> _Your task_
Take the line containing "Verdere aanpassingen zijn" and every line after it to the end of the records, and copy them exactly, excluding pictures.

● ● ● ● ● ● ●

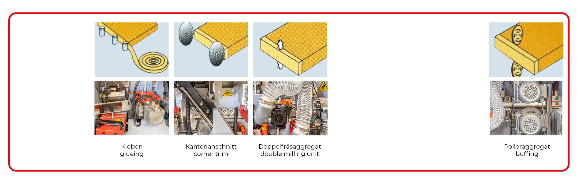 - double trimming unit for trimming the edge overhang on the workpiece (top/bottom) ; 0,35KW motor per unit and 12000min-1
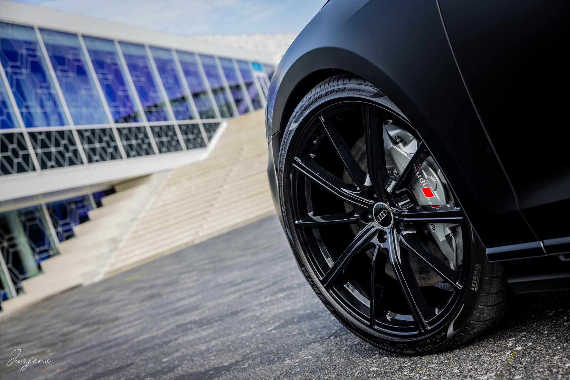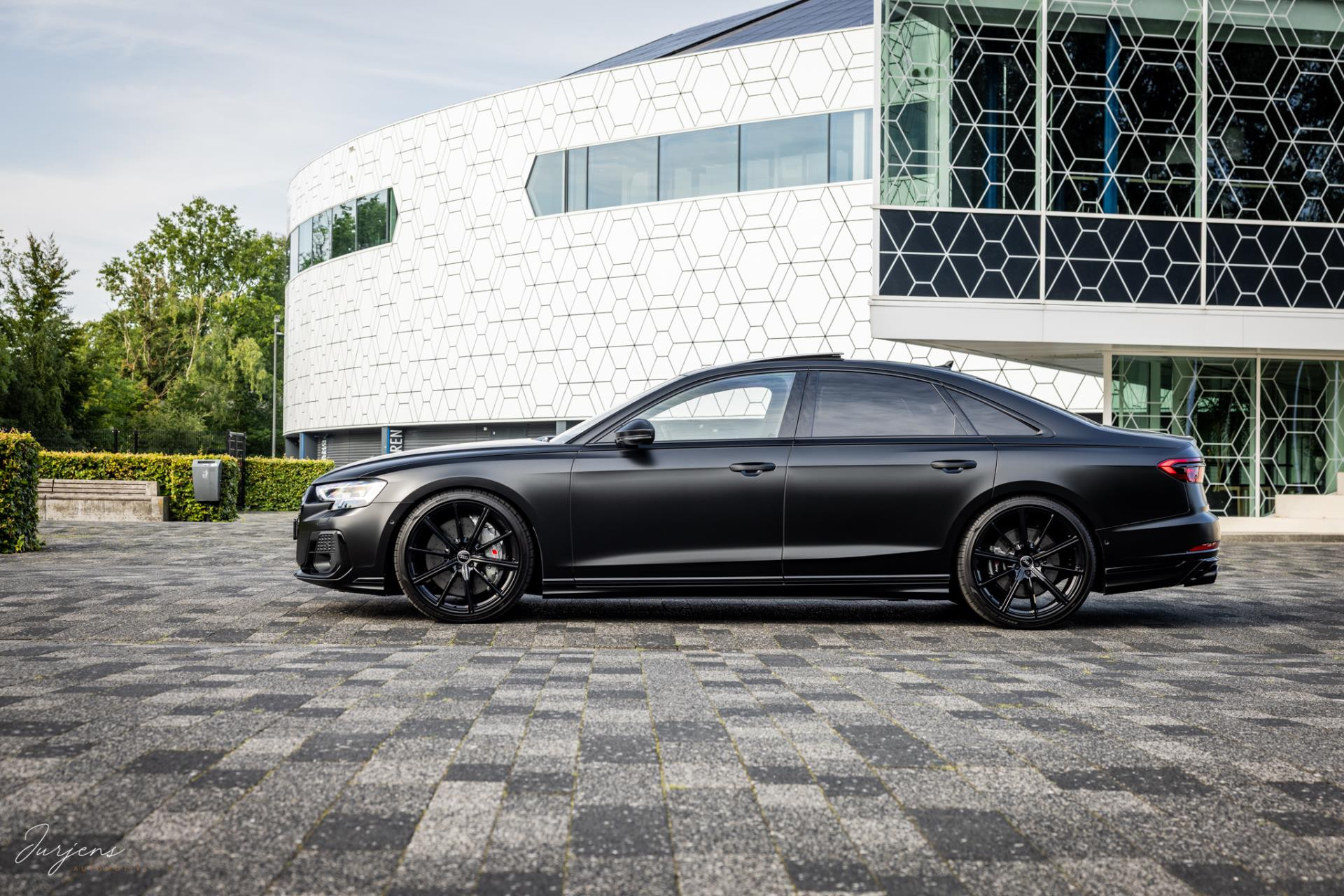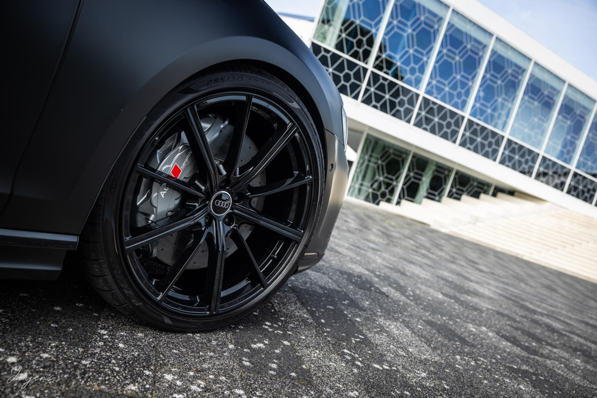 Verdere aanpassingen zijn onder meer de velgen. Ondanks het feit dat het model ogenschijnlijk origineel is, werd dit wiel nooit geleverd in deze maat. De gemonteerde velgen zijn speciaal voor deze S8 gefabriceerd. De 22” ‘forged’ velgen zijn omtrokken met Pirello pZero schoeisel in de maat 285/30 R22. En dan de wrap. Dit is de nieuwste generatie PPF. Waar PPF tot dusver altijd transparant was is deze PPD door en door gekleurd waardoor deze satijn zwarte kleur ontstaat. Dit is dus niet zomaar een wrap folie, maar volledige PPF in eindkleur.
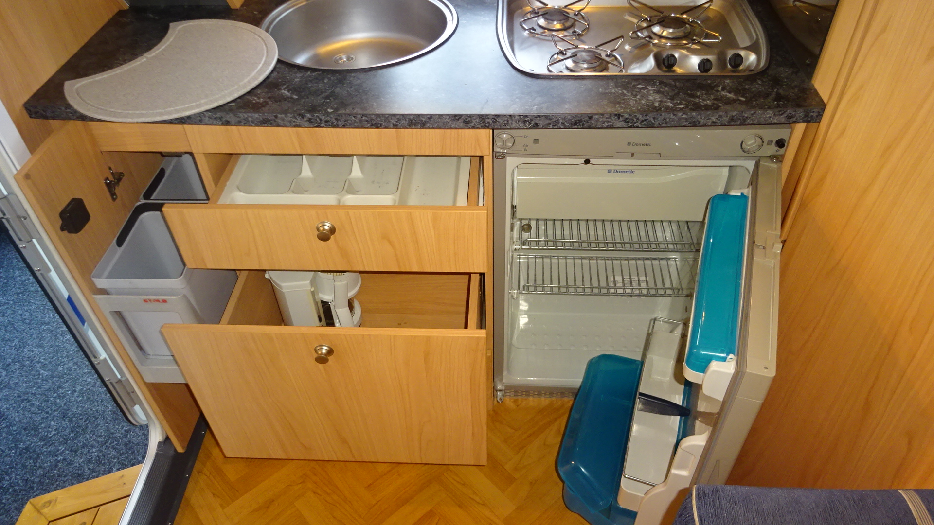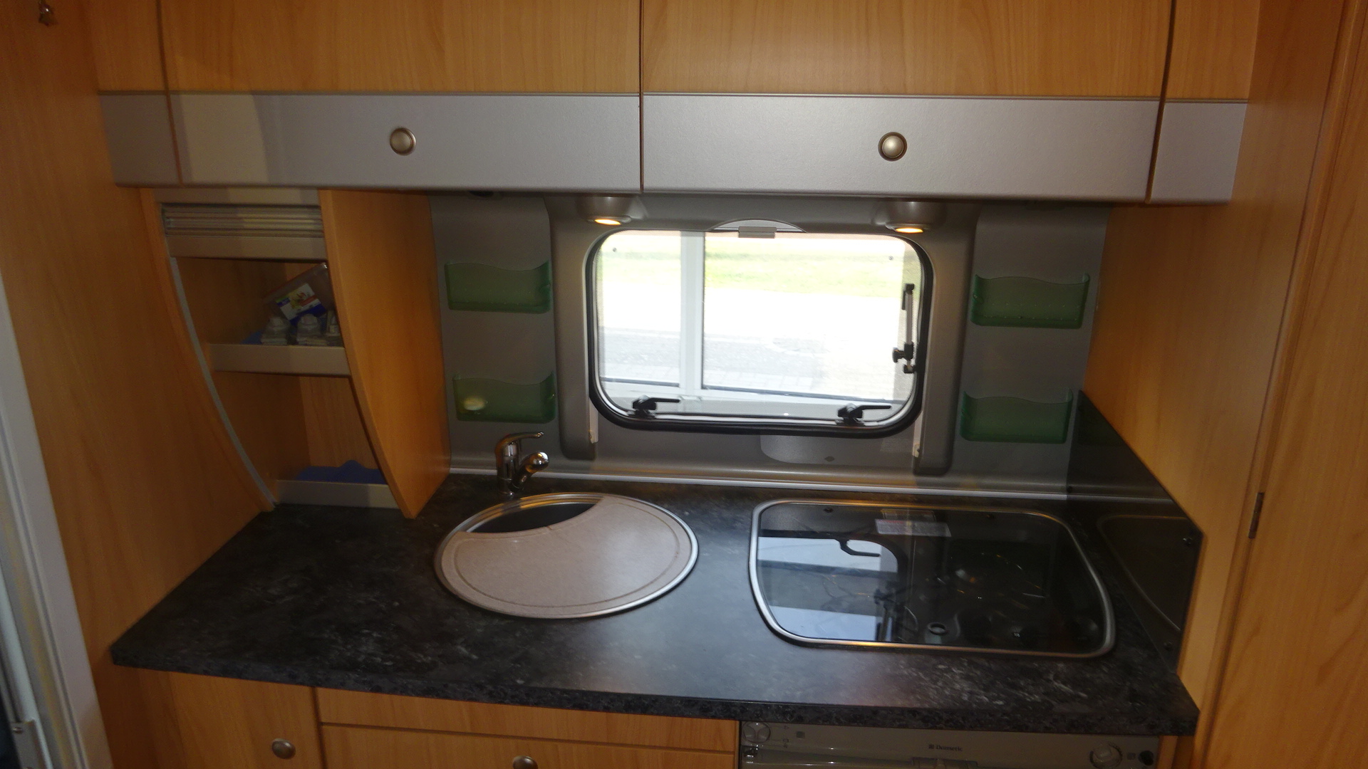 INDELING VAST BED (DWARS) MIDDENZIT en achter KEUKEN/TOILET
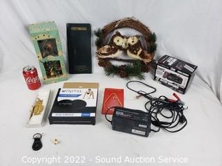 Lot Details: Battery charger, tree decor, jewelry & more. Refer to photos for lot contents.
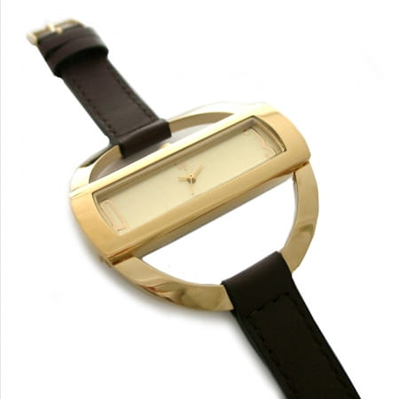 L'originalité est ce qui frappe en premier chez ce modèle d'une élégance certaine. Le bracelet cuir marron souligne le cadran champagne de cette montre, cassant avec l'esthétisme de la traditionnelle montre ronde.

● ● ● ● ● ● ●

> _Solution to this exercise_
 Verdere aanpassingen zijn onder meer de velgen. Ondanks het feit dat het model ogenschijnlijk origineel is, werd dit wiel nooit geleverd in deze maat. De gemonteerde velgen zijn speciaal voor deze S8 gefabriceerd. De 22” ‘forged’ velgen zijn omtrokken met Pirello pZero schoeisel in de maat 285/30 R22. En dan de wrap. Dit is de nieuwste generatie PPF. Waar PPF tot dusver altijd transparant was is deze PPD door en door gekleurd waardoor deze satijn zwarte kleur ontstaat. Dit is dus niet zomaar een wrap folie, maar volledige PPF in eindkleur.
 INDELING VAST BED (DWARS) MIDDENZIT en achter KEUKEN/TOILET
 Lot Details: Battery charger, tree decor, jewelry & more. Refer to photos for lot contents.
 L'originalité est ce qui frappe en premier chez ce modèle d'une élégance certaine. Le bracelet cuir marron souligne le cadran champagne de cette montre, cassant avec l'esthétisme de la traditionnelle montre ronde.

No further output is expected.